10. gprof does not support multi-threaded applications. Under multi-threading, only the main thread performance data can be collected. The reason is that gprof uses the ITIMER_PROF signal, and only the main thread can respond to this signal in a multi-thread. But there is a simple way to solve this problem: http://sam.zoy.org/writings/programming/gprof.html
11. gprof can only generate reports after the program exits normally. (Gmon.out).
a) Reason: gprof generates result information by registering a function in atexit(). Any abnormal exit will not execute atexit(), so gmon.out file will not be generated.
b) The program can exit normally from the main function, or exit by calling the exit() function of the system.

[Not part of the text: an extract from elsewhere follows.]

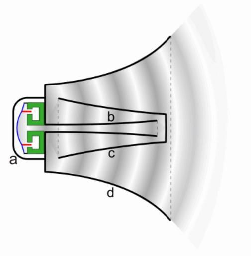 | Keywords: Reflex loudspeaker animation 2.gif folded horn speaker widely used in public address systems It consists of a specialized diaphragm loudspeaker called a compression driver a attached to a metal or plastic horn d The driver has a small metal diaphragm <font color blue > blue </font> driven to vibrate by the audio signal current flowing through a coil of wire <font color red > red </font> between the poles of a cylindrical magnet <font color green > green </font> The horn serves to couple the diaphragm more efficiently to the air allowing it to radiate more of its energy as sound than a conventional horn speaker making it louder The horn sound path must be several feet long so to make the speaker more compact the sound path is folded into a zigzag shape by several concentric exponentially-widening ducts The sound waves pass forward through an inner tube b in the central projection in the horn back through a larger concentric tube c then out through the surrounding horn d <br /><br /> Reentrant loudspeakers can be 10 times as efficient as cone loudspeakers and so their output can be 10 dB louder when operating from the same amplifier However their frequency response is very uneven and limited with a bandwidth of 300-400 Hz to 5 kHz so they have a distinctive tinny sound and are only used for the human voice <br /><br /> In this animation the rate of vibration of the diaphragm and the speed of the sound waves are shown greatly reduced 2013-03-02 17 45 33 own Chetvorno This is an improved version of my previous animation Reflex loudspeaker animation gif Improvements Made speaker horn closer to shape of actual bullhorn showed sound waves radiating from mouth Increased speed of animation to more realistically represent speaker vibrations Increased wavelength to more realistically represent actual sound waves in speaker; previous waves were in ultrasonic range cc-zero Uploaded with UploadWizard Horn speakers Public address speakers Loudspeaker schematics Animated diagrams |

10 Multi-threaded applications
gprof does not support multi-threaded applications. Under multi-threading, only the main thread performance data can be collected. The reason is that gprof uses the ITIMER_PROF signal, and only the main thread can respond to this signal in a multi-thread.
What method can be used to analyze all threads? The key is to be able to make each thread respond to the ITIMER_PROF signal. It can be achieved through a stub function, rewriting the pthread_create function.
11 Data Graphicalization p>
1) gprof ./main> profile.txt output data to profile.txt file
2) gprof2dot.py profile.txt> profile.dot generate dot file
3) dot -Tsvg -o gprof.svg To generate the svg file, we can open the svg directly with the browser to see that the function is a hot spot.
The gprof2dot.py script can be fork down with githun, and the dot tool and linux can be installed directly. The centos command yum install graphviz. For other distributions, just change the installation command.